Mitochondrial fission can be reversible and associated with autophagy
Using time‐lapse fluorescence microscopy, we observed that mitochondrial fission can be reversible when young neuronal cultures (8–10 days in in vitro (DIV)) are exposed to 50–200 μM SNOC (Figure 5A–D). Mitochondrial filaments fragmented rapidly as evidenced by a decrease in mean length (Figure 5B) and an increase in mitochondrial number (Figure 5C). However, at 1–2 h mitochondria regained their tubular morphology (26 of 55 neurons) (Figure 5B, C and D; see also Supplementary Video 6). In the remaining group mitochondrial fission was irreversible. Additionally, we observed autophagosomes, recognized by their characteristic double membranes, engulfing injured mitochondria next to intact mitochondria in EM micrographs of SNOC exposed neurons (Figure 5E).
NO induces bioenergetic failure and increased reactive oxygen species (ROS) production
To test the effects of NO on bioenergetic parameters, we determined the ATP concentration and the ATP/ADP ratio in purified cortical neurons. As shown in Figure 6A, SNOC exposure resulted in a dramatic ATP decline at 20 min. This observation is consistent with previously reported results (Brorson et al, 1999). The ATP level recovered partially at 3 h, only when not more than 50 μM SNOC was used (gray bars), a concentration that typically does not cause cell death. Energy depletion was also indicated by a decrease in the ATP/ADP ratio in neurons exposed to SNOC (Figure 6B). While ATP and the ATP/ADP ratio declined dramatically within the first 20 min of SNOC exposure, cell viability measured as calcein‐AM hydrolysis decreased by only ∼20% at 200 μM SNOC. Thus, the major decrease in ATP levels in response to SNOC is not due to a loss in cell viability.
Next, we tested whether NO exposure and mitochondrial fission would be associated with an increase in ROS. Cortical neurons, expressing Mito‐GFP, were loaded with the ROS‐sensitive fluorescent probe, hydroethidine (HEt), which fluoresces red upon oxidation to ethidine (Bossy‐Wetzel et al, 2004b). SNOC exposure resulted in an approximately fivefold increase after 2.5 h (Figure 6C). Figure 6D shows a neuron exposed to SNOC with fragmented mitochondria and bright red nuclear ethidine fluorescence, in contrast to a control neuron.

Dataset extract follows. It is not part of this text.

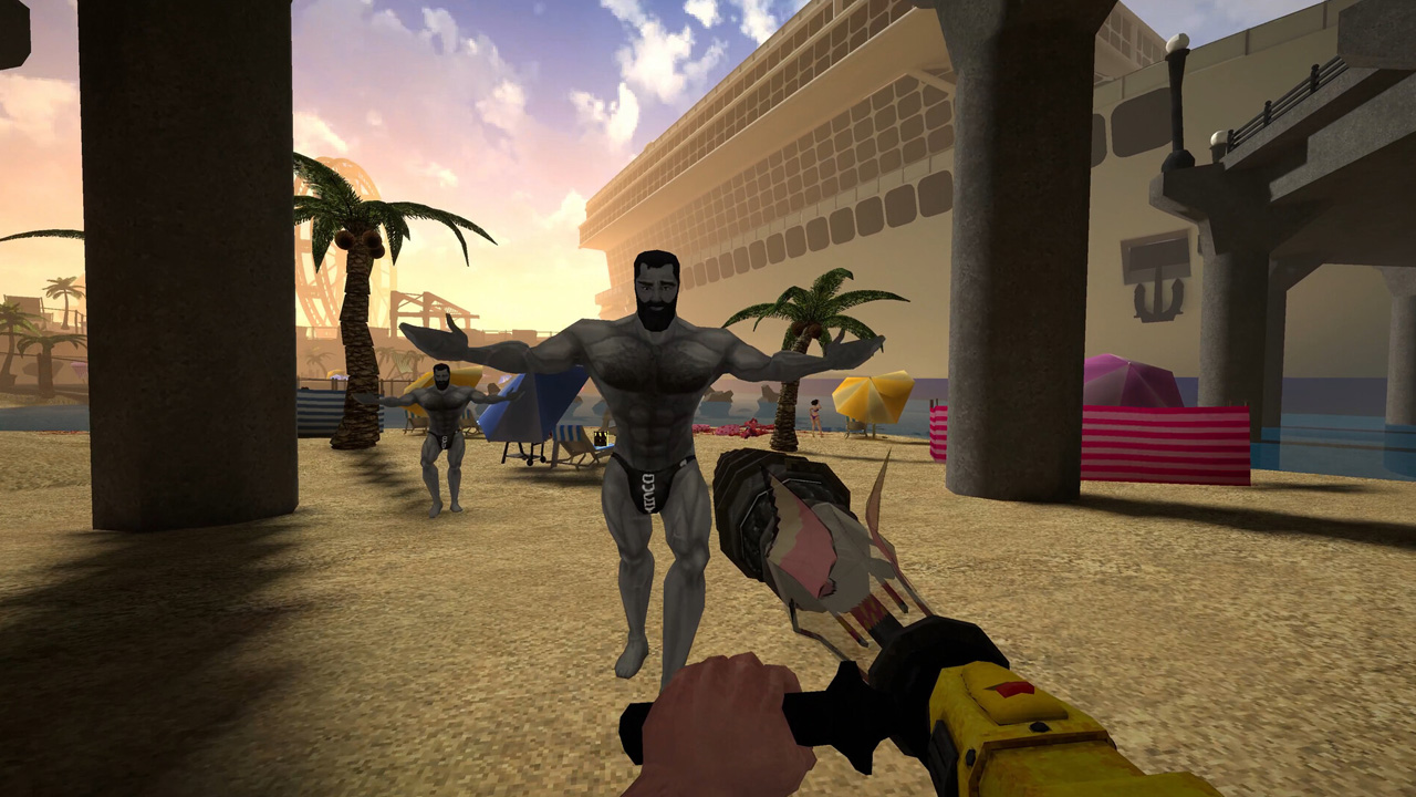 Denn sobald man den ersten Schritt in dieses sonnige Paradies setzt, bricht die Hölle los. Die Resort-Kulisse verwandelt sich in eine groteske Spielwiese für durchgeknallte Gegner, die so gar nichts mit entspannter Urlaubsstimmung am Hut haben. Zwischen Cocktailbars und Hotelanlagen lauern neue Feindtypen, die aussehen, als wären sie aus einem Alptraum nach einer viel zu langen All-inclusive-Nacht entsprungen.

Next, we asked whether ROS is implicated in the mitochondrial fission process. Cortical neurons transfected with Mito‐DsRed2 were pretreated with 2 mM reduced glutathione (GSH) monoethyl ester and then exposed to SNOC (35 μM SNOC). As shown in Figure 6E, GSH blunted significantly NO‐mediated mitochondrial fission. Thus, mitochondrial fission might be partially triggered by nitrosative and oxidative stress.

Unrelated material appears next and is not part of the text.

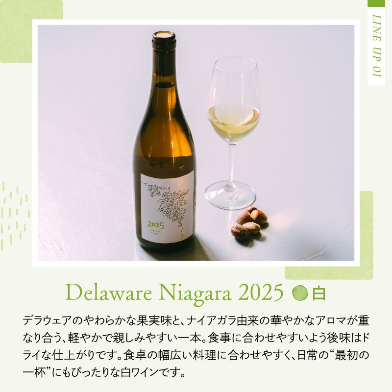 水はけが良く、吹き抜ける風が心地よい山形県河北町沢畑地区で栽培されたぶどうを100%使用(「はじまり農園う~の」さん栽培)。ぶどう栽培、醸造においてなるべく余分なものを使用しない、自然な造りのワインです。 赤はマスカット・ベーリーA、白はデラウェア主体にナイアガラをブレンド。品種個性がはっきり違う2本を、同じ年のヴィンテージで楽しめます。 ■Muscat Bailey A 2025 赤 シリーズ初の赤ワイン『Muscat Bailey A 2025』。 香りはイチゴやプラム、赤いリンゴのような果実味が立ち上がり、 次第に紅茶を思わせるほのかな香ばしさが顔を出します。 口当たりまろやか、甘酸っぱい果実の印象がありつつ、後味はドライ。 ダシのような旨味も柔らかく広がる”薄旨”な仕上がりです。 ■Delaware Niagara 2025 白 デラウェアのやわらかな果実味と、ナイアガラ由来の華やかな アロマが重なり合う、軽やかで親しみやすい一本。 食事に合わせやすいよう後味はドライな仕上がりです。 食卓の幅広い料理に合わせやすく、 日常の“最初の一杯”にもぴったりな白ワインです。 【こだわり】 赤は“薄旨”の旨みとドライな後口、白は華やかな香りと軽快さ。和食・野菜料理・発酵の旨みにも合わせやすい方向性で揃えました。 赤は赤果実+ハーブ感と旨みの余韻、白はアロマティックで明るい果実感。気分や料理で選べるだけでなく、2本並べることで味わいの輪郭がよりクリアになります。 【注意事項】 ※20歳未満の飲酒は法律により禁止されています。20歳未満の方のお申込みはご遠慮ください。 ※瓶内発生ガスが強い可能性もありますので、冷蔵庫できっちり冷やし、静かに開栓してお楽しみください。 ※瓶底に沈殿物(澱など)が生じる場合がございますが、ぶどう由来の自然な成分ですので、品質には問題ございません。

Dynamin‐related GTPases are required for NO‐induced fission and cell death
To determine whether mitochondrial fission plays a causal role in neuronal cell death, first, we followed various cell death related parameters by time lapse microscopy, during SNOC‐triggered injury of neurons in primary cortical cultures. Nuclear condensation, but not nuclear fragmentation, always followed the SNOC‐triggered, irreversible fission of mitochondria. The uptake of PO‐PRO‐1 fluorescent probe apoptosis marker and the redistribution of microtubule associated protein 2c (MAP2c)‐GFP preceded nuclear condensation. Additionally, nuclear condensation preceded propidium iodide uptake and the complete loss of MAP2c‐GFP (see Supplementary Figure 1 and Videos 7 and 8). Therefore, cell death was assessed by counting Mito‐DsRed2 expressing neurons with condensed nuclei visualizaed by Hoechst 33342 staining in the following experiments.

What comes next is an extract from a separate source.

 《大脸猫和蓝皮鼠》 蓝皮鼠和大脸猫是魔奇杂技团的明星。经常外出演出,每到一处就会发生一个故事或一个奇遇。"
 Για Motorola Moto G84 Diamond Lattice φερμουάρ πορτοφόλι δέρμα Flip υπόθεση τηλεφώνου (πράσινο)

To test whether mitochondrial fission plays a causal role in NO‐mediated neurotoxicity, the expression levels of Drp1, Fis1 and Mfn1 in primary neurons were manipulated. The expression of Drp1K38A and Mfn1 were confirmed by immunocytochemistry (Supplementary Figure 2). Expression of either dominant‐negative Drp1K38A harboring an inactive GTPase domain, wild‐type Mfn1, or both, prevents mitochondrial fission in response to NO (Figure 7A and B). Most importantly, overexpression of Drp1K38A, Mfn1, or both, protects neurons from NO‐induced cell death (Figure 7B). Surviving neurons did not develop focal neurite varicosities or Bax foci on mitochondria (H Yuan unpublished results). We have never observed dead neurons without fragmented mitochondria. Of note is that, Drp1K38A and Mfn1 did not block NMDA‐induced mitochondrial fission and cell death (Supplementary Figure 3).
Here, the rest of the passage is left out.